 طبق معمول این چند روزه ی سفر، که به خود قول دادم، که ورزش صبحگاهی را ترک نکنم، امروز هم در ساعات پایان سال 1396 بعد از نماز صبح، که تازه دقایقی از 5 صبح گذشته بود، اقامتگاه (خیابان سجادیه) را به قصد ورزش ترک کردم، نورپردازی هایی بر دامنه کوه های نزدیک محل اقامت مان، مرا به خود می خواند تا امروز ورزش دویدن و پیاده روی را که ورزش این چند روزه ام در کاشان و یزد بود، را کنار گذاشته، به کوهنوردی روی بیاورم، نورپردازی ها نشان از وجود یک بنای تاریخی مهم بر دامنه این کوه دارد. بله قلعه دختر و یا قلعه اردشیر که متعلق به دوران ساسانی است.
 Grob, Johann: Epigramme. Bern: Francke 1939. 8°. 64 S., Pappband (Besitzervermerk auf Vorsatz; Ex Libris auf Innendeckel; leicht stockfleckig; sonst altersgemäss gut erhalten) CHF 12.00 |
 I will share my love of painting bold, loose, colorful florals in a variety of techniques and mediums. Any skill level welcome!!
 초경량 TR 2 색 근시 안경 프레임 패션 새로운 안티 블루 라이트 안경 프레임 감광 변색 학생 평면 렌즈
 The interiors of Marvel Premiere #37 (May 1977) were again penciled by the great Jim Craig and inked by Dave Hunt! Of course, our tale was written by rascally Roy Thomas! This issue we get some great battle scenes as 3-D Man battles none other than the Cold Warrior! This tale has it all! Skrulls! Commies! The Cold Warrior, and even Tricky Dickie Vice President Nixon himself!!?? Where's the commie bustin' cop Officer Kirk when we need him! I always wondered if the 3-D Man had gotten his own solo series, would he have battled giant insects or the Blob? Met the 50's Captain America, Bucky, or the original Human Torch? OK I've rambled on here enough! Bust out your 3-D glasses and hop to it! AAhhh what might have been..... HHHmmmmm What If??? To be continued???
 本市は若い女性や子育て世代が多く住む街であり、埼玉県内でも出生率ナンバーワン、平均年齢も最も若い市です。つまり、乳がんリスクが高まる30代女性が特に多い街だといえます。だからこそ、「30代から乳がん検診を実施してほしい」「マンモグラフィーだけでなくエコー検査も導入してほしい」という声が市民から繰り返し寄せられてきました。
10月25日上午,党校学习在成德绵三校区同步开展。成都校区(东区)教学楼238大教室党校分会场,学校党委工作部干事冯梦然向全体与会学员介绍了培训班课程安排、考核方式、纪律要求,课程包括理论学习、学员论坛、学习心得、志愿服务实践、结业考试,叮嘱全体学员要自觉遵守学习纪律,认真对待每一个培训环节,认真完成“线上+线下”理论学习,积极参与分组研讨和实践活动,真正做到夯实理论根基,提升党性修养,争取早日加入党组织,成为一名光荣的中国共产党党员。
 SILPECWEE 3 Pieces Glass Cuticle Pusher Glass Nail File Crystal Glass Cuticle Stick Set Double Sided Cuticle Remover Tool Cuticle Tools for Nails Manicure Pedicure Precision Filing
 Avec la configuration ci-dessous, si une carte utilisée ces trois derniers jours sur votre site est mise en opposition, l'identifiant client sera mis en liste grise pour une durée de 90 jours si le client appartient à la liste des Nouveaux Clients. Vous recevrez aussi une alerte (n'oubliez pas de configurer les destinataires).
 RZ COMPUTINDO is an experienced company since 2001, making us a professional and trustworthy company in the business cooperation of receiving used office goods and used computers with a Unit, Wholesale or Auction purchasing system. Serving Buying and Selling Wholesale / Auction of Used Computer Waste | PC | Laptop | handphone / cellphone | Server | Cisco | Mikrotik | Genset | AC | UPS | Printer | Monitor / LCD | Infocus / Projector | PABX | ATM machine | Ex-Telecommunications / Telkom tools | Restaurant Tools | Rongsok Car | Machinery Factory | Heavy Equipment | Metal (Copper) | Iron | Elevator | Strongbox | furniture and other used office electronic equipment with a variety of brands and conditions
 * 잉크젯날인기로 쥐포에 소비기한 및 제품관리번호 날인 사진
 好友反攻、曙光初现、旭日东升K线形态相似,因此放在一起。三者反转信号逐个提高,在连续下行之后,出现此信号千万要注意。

==========

◆ **WHAT IS BEING ASKED**
One number only, please: the count of lines in the data that hold the word "Tools".

◆ **EXERCISE RESPONSE**
2